The average time to graduate with a college degree in the U.S. is 6 years. Suppose you collect data from a normally-distributed sample of 40 NYU students who average a degree completion time of 5.4 years with standard deviation of 1.5 years. Based on this sample, test the hypothesis that the average time to earn a college degree from NYU is different from the U.S. average time to degree completion.
Since the average time is the U.S. , we will create the hypothesis based on that value
H0 is equal to 6 years H1 is not equal to 6 years
We are not given the variance, but the problem states that the data is normally distributed.
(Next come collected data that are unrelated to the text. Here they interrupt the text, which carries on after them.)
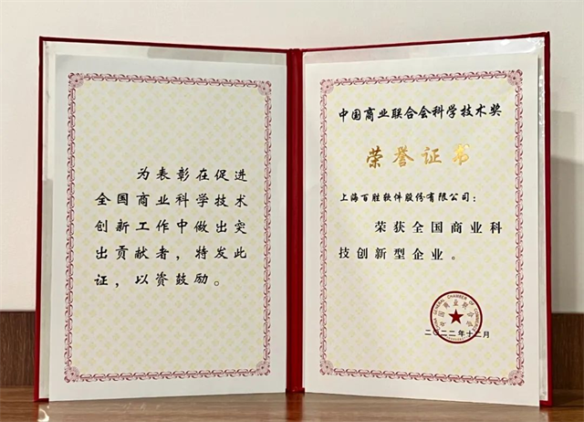 經(jīng)過中國商業(yè)聯(lián)合會(huì)評(píng)審專家組的嚴(yán)格評(píng)審,百勝軟件憑借在零售領(lǐng)域的諸多技術(shù)創(chuàng)新和推動(dòng)行業(yè)發(fā)展的突出貢獻(xiàn),榮膺“2022年全國商業(yè)科技創(chuàng)新型企業(yè)”,公司實(shí)力再獲權(quán)威認(rèn)可。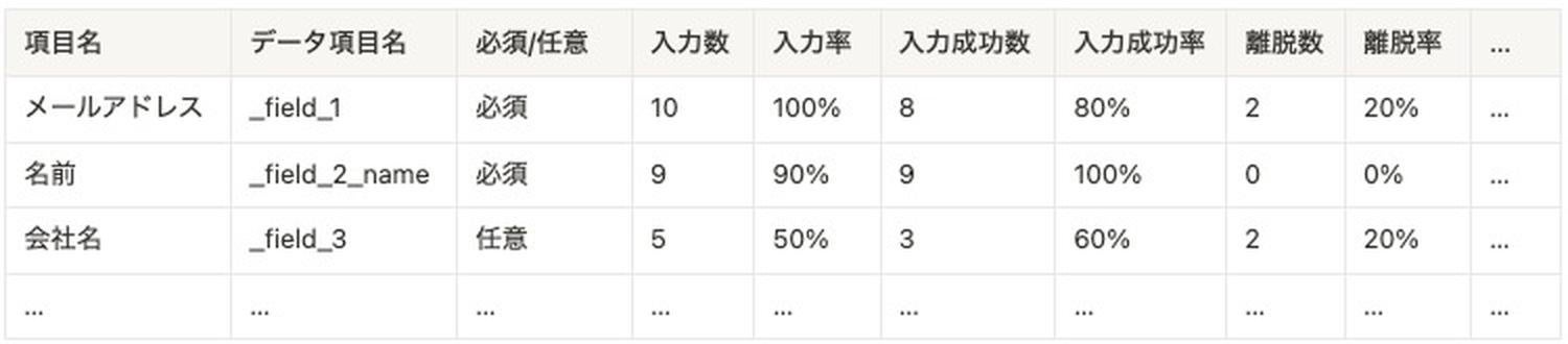 フォームの項目ごとに、離脱率や入力成功率が確認可能 |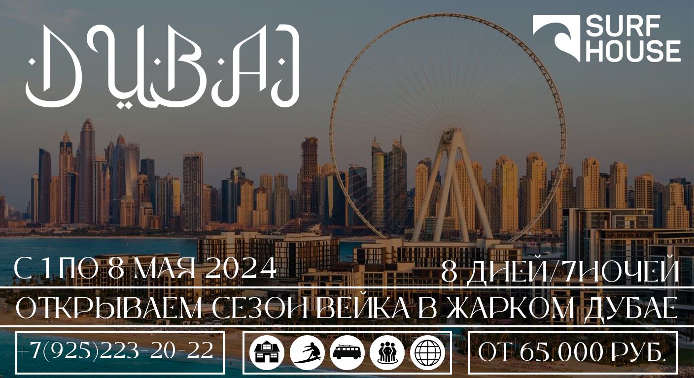 Дубай встретит нас ярким солнцем и соленой водой Персидского залива красивого бирюзового цвета. Мы будем совершенствоваться в вейксерфинге, посетим недавно открывшееся серф ранчо Келли Кластера в Абу-Даби, сыграем в гольф, кто-то успеет даже пойти на шопинг и позагорать. В общем, хорошо отдохнем и покатаемся перед сезоном в Москве.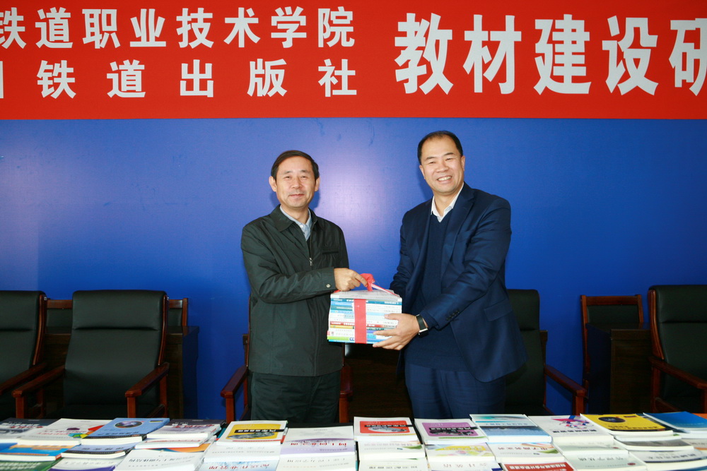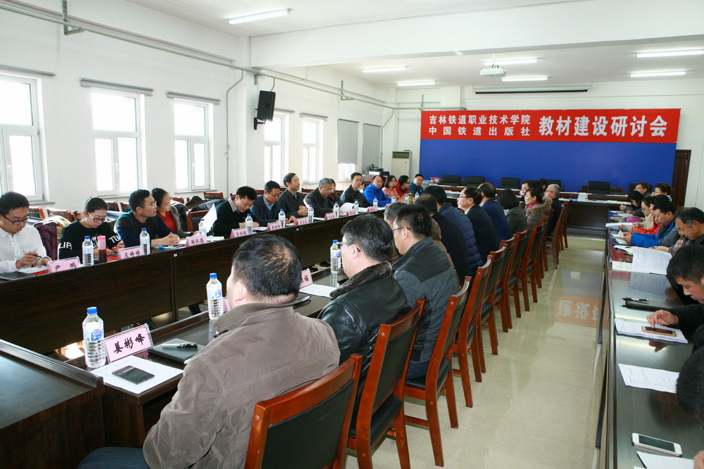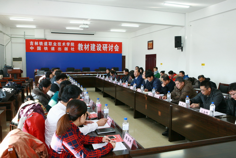 11 月22日 下午,由中国铁道出版社和我院共同主办的教材建设研讨会在学院办公楼五楼会议室举行。中国铁道出版社刘忠民书记、吴和俊副社长以及6位副主任、5位编辑,沈阳发行分部刘玉龙主任,我院曹炳志院长、王华副院长以及教务处处长、实训中心主任、图书馆馆长、各系部主任、系办主任、骨干教师代表和有出书意向的教师代表参加了本次研讨会。会议由王华副院长主持。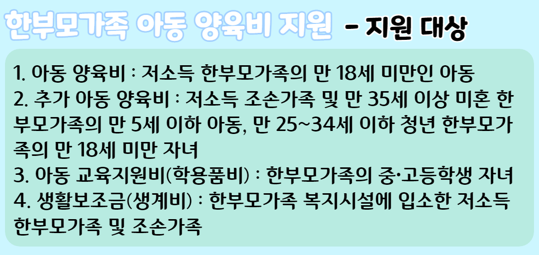2. 추가 아동 양육비 : 저소득 조손가족 및 만 35세 이상 미혼 한부모가족의 만 5세 이하 아동, 만 25~34세 이하 청년 한부모가족의 만 18세 미만 자녀
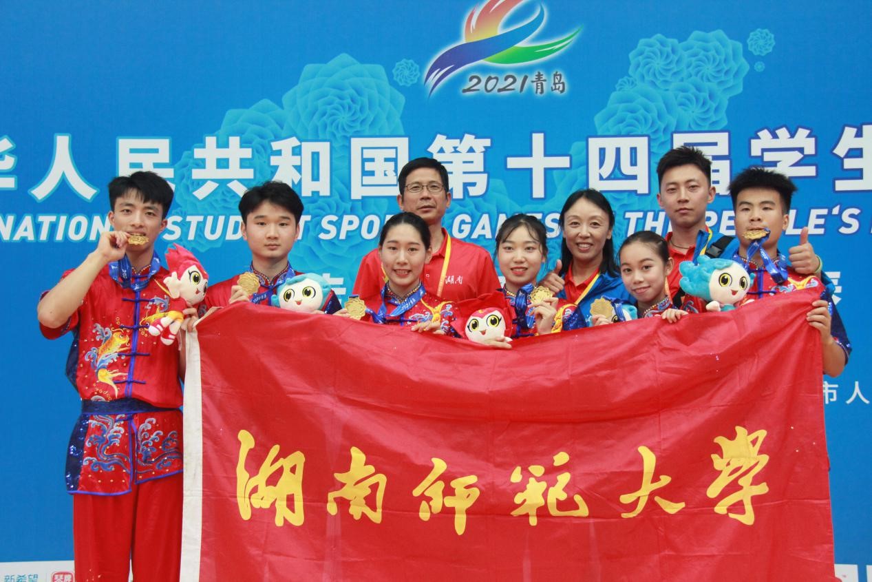 (供稿 體育學院)7月11日至13日,由教育部、國家體育總局和共青團中央聯合主辦,山東省教育廳、青島市人民政府聯合承辦的中華人民共和國第十四屆學生運動會武術比賽在青島十九中體育館舉行并圓滿落幕。我校學子喜獲1金1銀3銅的佳績。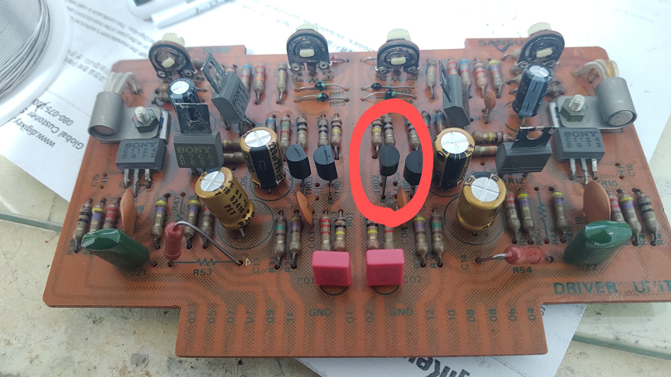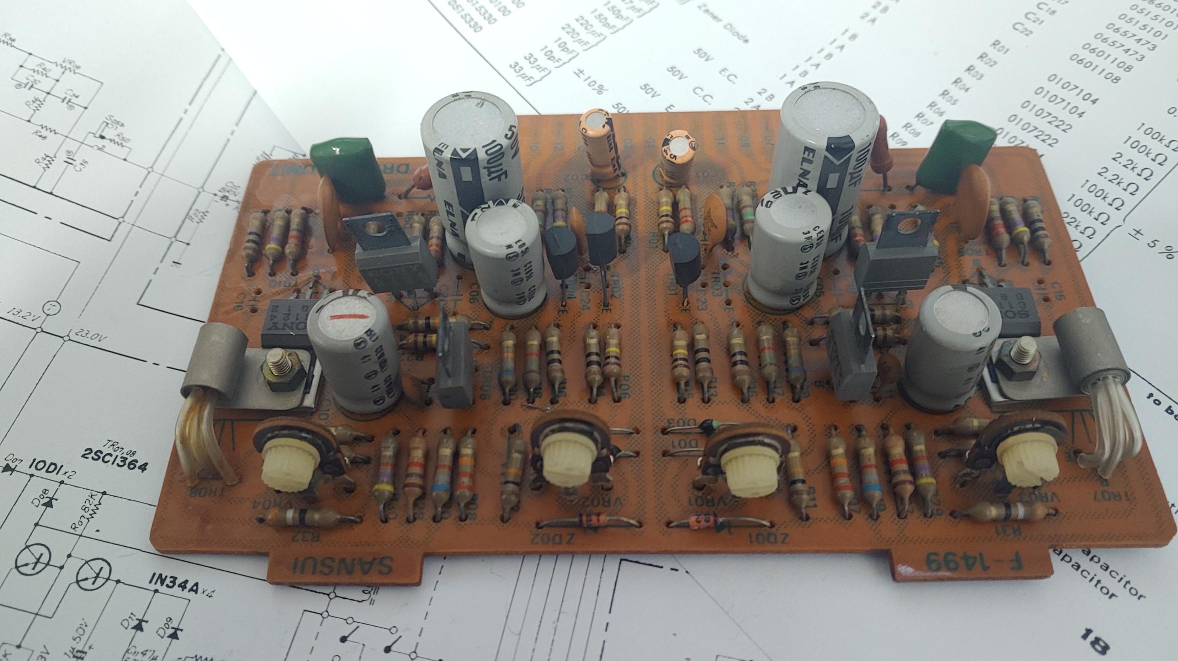 의심가는 전해 콘덴서 부터 모두 고급 니치콘 콘덴서로 교체 해도 마찬가지. 드라이버 트랜지스터를 하나씩 떼네어 체크 해 보니 밑의 2sc790 TR이 고장 난 것을 알고 갖고 있던 2SC970 이 거의 같은 특성을 갖고 있는 것을 알아 이를 교체 했더니 보호 릴레이가 딸깍 하는 소리와 함께 정상 동작 하는 것을 확인 하였다.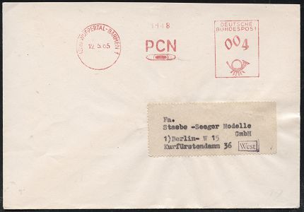 10298 | 18 € | 5600 WUPPERTAL (Absender-Freistempel) : (22a) WUPPERTAL-BARMEN 1/ P C N 1965 (12.5.) AFS Francotyp, alte "B-Maschine" mit alter Zählnr.u. alter PLZ, seit 1961 n e u e Postleitzahlen! (Firmen-Logo: Weberschiffchen) rs. Abs.-Vordruck mit alter PLGZ, Fern-Bf. n. West-Berlin (Dü.E-23BAh, Spätverwendung alte PLZ) | ![]() ![]() | |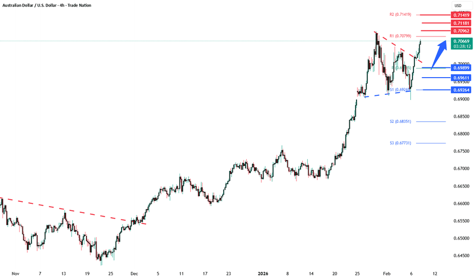 A bullish rebound from 0.6990 would confirm ongoing upside momentum, with potential targets at:
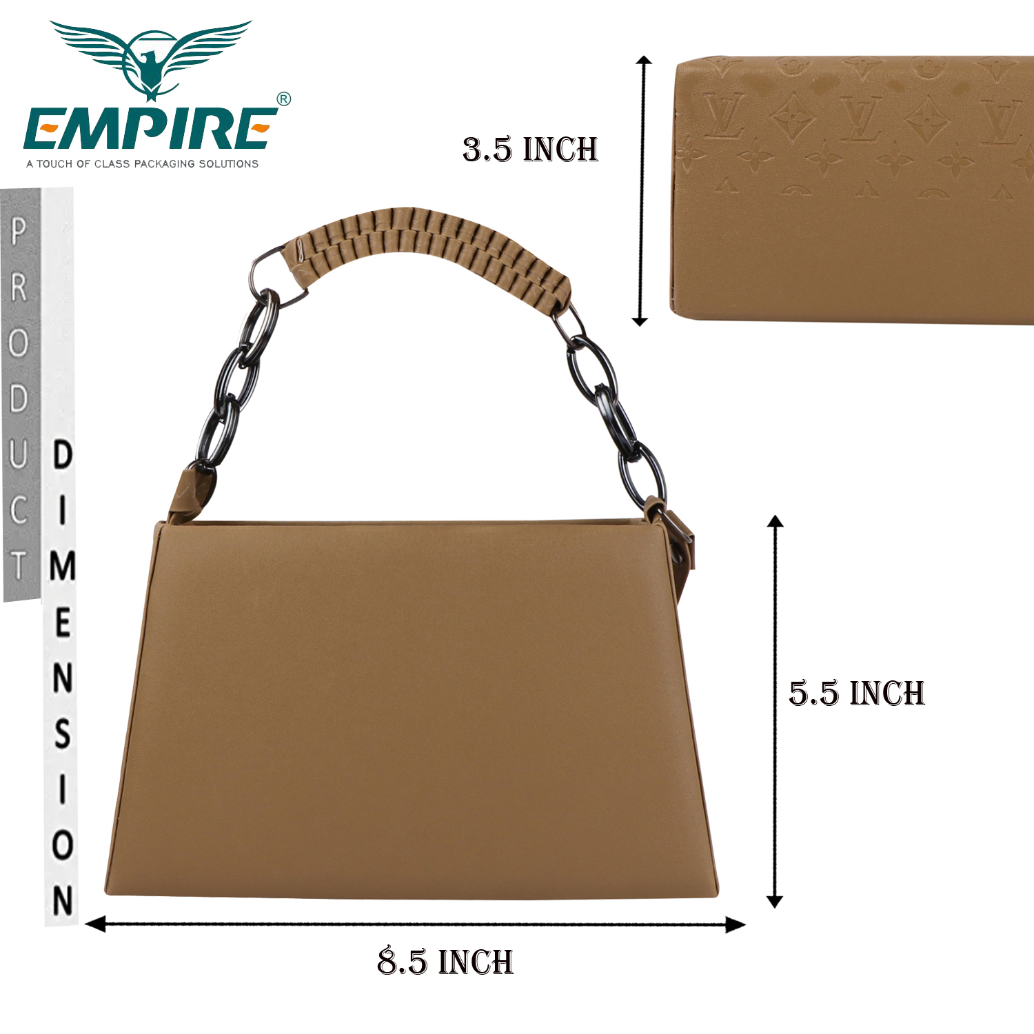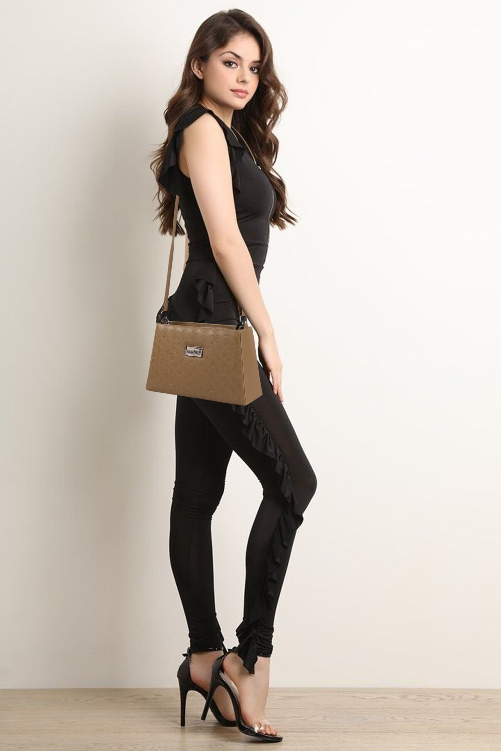 The Empire Fashion Monogram Embossed Structured Handbag in Khaki is a powerful statement of luxury, identity, and earthy sophistication. This is a bag that announces itself with quiet confidence — every surface rich with the iconic Empire Fashion all-over monogram embossing, every detail crafted with the precision of a brand that understands what true luxury means.
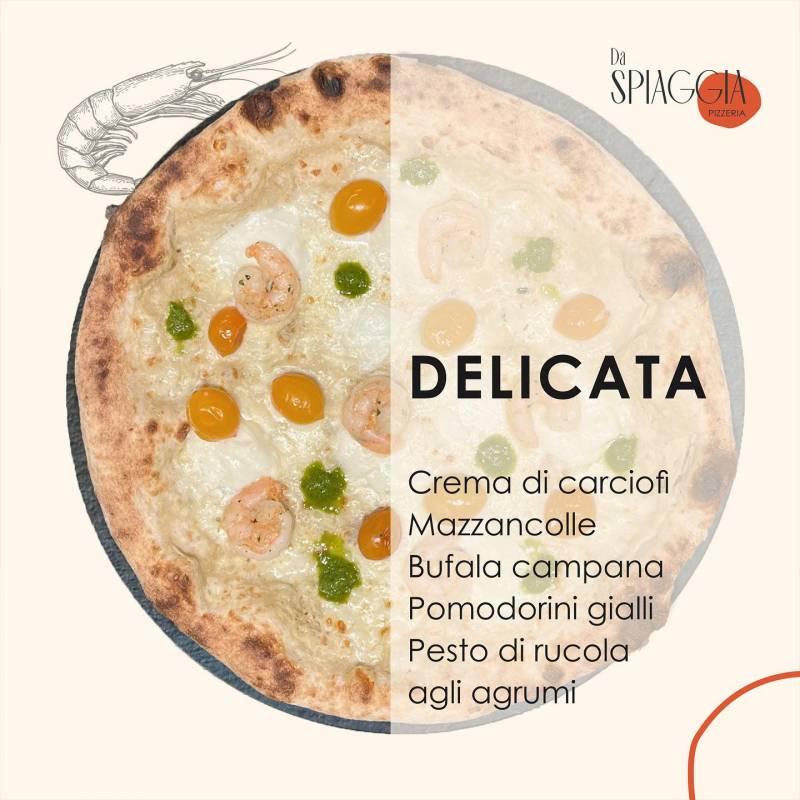 crema di carciofi, mozzarella, bufala campana, mazzancolle*, pomodorino giallo, pesto di rucola agli agrumi
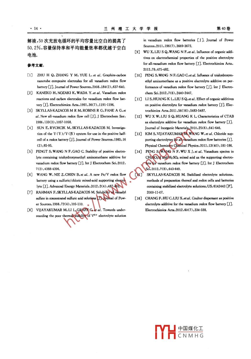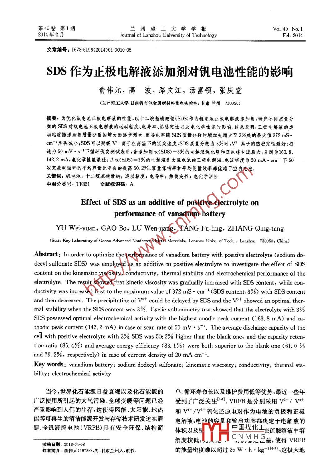 第40卷第1期蘭州理工大學學報Vol. 40 No. 12014年2月.Journal of Lanzhou University of TechnologyFeb. 2014文章編號: 1673-5196(2014)01 0010-05SDS作為正極電解液添加劑對釩電池性能的影響俞偉元,高波,路文江,湯富領(lǐng),張慶堂(蘭州理工大學甘肅省有色金屬新材料重點實驗室,甘肅蘭州730050)摘要:為優(yōu)化釩電池正極電解液的性能,以十二烷基磺酸鈉(SDS)作為釩電池正極電解液添加劑,研究不同質(zhì)量分數(shù)的SDS對釩電池正極電解液的運動粘度、電導(dǎo)率、熱穩(wěn)定性以及電化學性能的影響.結(jié)果表明:正極電解液的運動粘度隨添加劑質(zhì)量分數(shù)的增大而逐步增大,而導(dǎo)電率隨SDS質(zhì)量分數(shù)的增加先增大至3%處的最大值372 mS●cm- 1 后再減小;SDS可以延緩Vs+離子在高溫下的沉淀速度,SDS質(zhì)量分數(shù)為3%時,Vs+離子的熱穩(wěn)定性最好;掃速為50 mV.s 1下循環(huán)伏安測試表明,含添加劑w(SDS)=3%的電解液氧化峰和還原峰電流最大,分別為163. 8、142. 2 mA,電化學性能最佳;以w(SDS)=3%的電解液作為釩電池的正板電解液,電流密度為20 mA. cm-1下50次充放電循環(huán)的平均容量比空白的提高50. 2%,容量保持率和平均能量效率都優(yōu)越于空白電池.關(guān)鍵詞:釩電池;十二垸基磺酸鈉;運動粘度;電導(dǎo)率;熱穩(wěn)定性;電化學活性中圖分類號: TF821文獻標識碼: AEffect of SDS as an additive of positive electrolyte onperformance of vanadium batteryYU Wei yuan, GAO Bo, LU Wen: jiang, TANG Fu-ling, ZHANG Qing -tang(State Key Laboratory of Gansu Advanced Nonferrous Metal Materials, Lanzhou Univ. of Tech,,Lanzhou 730050, China)Abstract: In order to optimize the performance of vanadium battery with positive electrolyte (sodium do-decyl sulfonate SDS) was employed as an additive to positive electrolyte to investigate the effect of SDScontent on the kinematic viscosity, conductivity, thermal stability and electrochemical performance of theelectrolyte. The result showed that kinetic viscosity was gradully increased with SDS content, while con-ductivity was increased first to the maximum value of 372 mS●cm -1 (SDS content:3%) with SDS contentand then decreased. The precipitating of Vs+ could be delayed by SDS and the Vs+ showed an optimal ther-mal stability when the SDS content was 3%. Cyclic voltammetry test showed that the electrolyte with 3%SDS possessed optimal electrochemical activity with the highest anodic peak current (163. 8 mA) and ca-thodic peak current (142.2 mA) in case of scan rate of 50 mV●s '. The average discharge capacity of thecell with positive electrolyte with 3% SDS was 50. 2% higher than the blank one, and the capacity reten-tion ratio (85. 4%) and average energy efficiency (83. 1%) were both superior to the blank one (61.0 %and 79. 2%, respectively) in case of current density of 20 mA cm-'.Key words: vanadium battery; sodium dodecyl sulfonate; kinematic viscosity; conductivity; thermal sta-bility; electrochemical activity當今,世界化石能源日益衰竭以及化石能源的單、循環(huán)壽命長以及維護費用低等優(yōu)勢,最近一些年廣泛使用所引起的大氣污染、全球變暖等問題已經(jīng)受到了廣泛關(guān)注14. VRFB是分別采用V2+/ V+嚴重影響到人們的生存,這使得風能、太陽能地熱和V+/Vs+氧化還原電對作為電池的負極和正極能等可再生的清潔能源開發(fā)與存儲技術(shù)研發(fā)迫在眉電解液,電池的容量和輸出功率都決定于電解液的睫.全釩液流電池(VRFB)具有安全環(huán)保、結(jié)構(gòu)簡體積以及中國煤化工在硫酸溶液中溶解度較低HcNMH差,使得VRFBHM心心出差收稿日期: 2013-04-08作者簡介:俞偉元(1973-),男,甘肅蘭州人,教授.的能量密度難以超過25 W●h. kg-1[67],這極大地第1期俞偉元等:SDS作為正極電解液添加劑對釩電池性能的影響限制了VRFB更廣泛的應(yīng)用.充放電測試在CT2001A-10V/10A型電池測試儀在硫酸溶液中,Vs+是以水合離子[VOz(H2(LAND).上進行,采用靜態(tài)單電池.電極為石墨氈,O)3]+存在的,這種結(jié)構(gòu)在溫度高于40 C時會先質(zhì)隔膜為Nafion117陽離子交換膜.充放電電壓為0.7子化然后脫水縮合形成V2O,沉淀8.針對如何提~1.7 V,充放電電流密度為20 mA●cm-'.高V5+的熱穩(wěn)定性,近年來已經(jīng)有了很多報道.提高2結(jié)果與討論硫酸的濃度可以很好地抑制VOt二聚縮合成V2O+和V2O3+ ,從而抑制沉淀的生成,然而V2+,2.1 SDS對V4+/ V5+電解液UV-Vis的光譜影響V+和V*+在高酸度下的溶解度卻大大降低、容易圖1為加了質(zhì)量分數(shù)3%的SDS的V4+和V5+析晶”、十六烷基三甲基溴化銨[2]等最近,美國西電解液的UV-Vis圖譜,所有測試的電解液的V+北太平洋國家實驗室提出了鹽酸/硫酸混酸同作為和V5+濃度均為0. 01 mol/L,硫酸濃度為3 mol/L.支持電解液,中南大學劉素琴課題組也提出用硫酸/由圖可知,無論是V*+還是Vs+電解液,SDS的加人甲磺酸混酸作為支持電解液[4] ,這對提高釩離子的既沒有產(chǎn)生 新的紫外可見吸收峰,而且最大吸收峰溶解度以及Vs+的熱穩(wěn)定性都取得了不錯的效果.的位置也沒有偏移,這表明,少量SDS的加人并沒本研究中,選用了陰離子表面活性劑十二烷基有與釩離子發(fā)生反應(yīng)產(chǎn)生新的物質(zhì)[9],可以與V4+磺酸鈉( sodium dodecyl sulfonate, SDS)作為釩電和Vs+離子穩(wěn)定存在.池正極電解液的添加劑,研究不同含量的SDS對正2.4極電解液的電導(dǎo)率、粘度、熱穩(wěn)定性的影響,通過循2.0 [VO*電解液環(huán)伏安測試(CV)和充放電測試,分析SDS對電解.6一空 ,液電化學性能的影響.--- w(SDS)=3%1實驗).8 L以V2Os

Therefore a one sample t-test and Two-sided ( because most people use this to test both tails)
The numbers would be plugged as follow:
NYU avg = 5.4 NYU sd = 1.5 Country avg = 6 degrees of freedom = 40
#sqrt(40) is 6.32455
t-stat = 5.4-6/(1.5/6.32455) t-stat = -0.6/0.2371 t-stat = -2.5306
# t-stat is -2.53
pt(-2.53,40-1)*2
## [1] 0.01555661
#p-value is 0.0156 , which is under 0.05
We would reject the null hypothesis.
first <- qt(0.975,40-1)
first
## [1] 2.022691
# or
alternative<- qt(0.025,40-1)
alternative
## [1] -2.022691
To calculate the confidence interval we would calculate the following:
5.5 + 2.02(0.2371) 5.5+0.4789 5.97
5.5 - 2.02(0.2371) 5.5-0.4789 5.0211
Therefore, the Confidence intervals oscillates between 5.0211 and 5.97, it does not contain 6. This supports the rejection of the null hypothesis.
By replacing the degrees of freedo and the sqrt(40) would transition to sqrt (80) this would increase the denominator and therefore would the decrease the confidence interval.
Would decrease because you wuold cover less area.
It would increase , it would be the opposite effect of the df, sicne the standard deviation is in the numerator.
load('hanes_subset.RData')
Write code to create subsets of the data by the following groups:
GENDER (1 vs 2)
Gender1 <- subset(hanes,GENDER == 1)
Gender2 <-subset(hanes,GENDER == 2)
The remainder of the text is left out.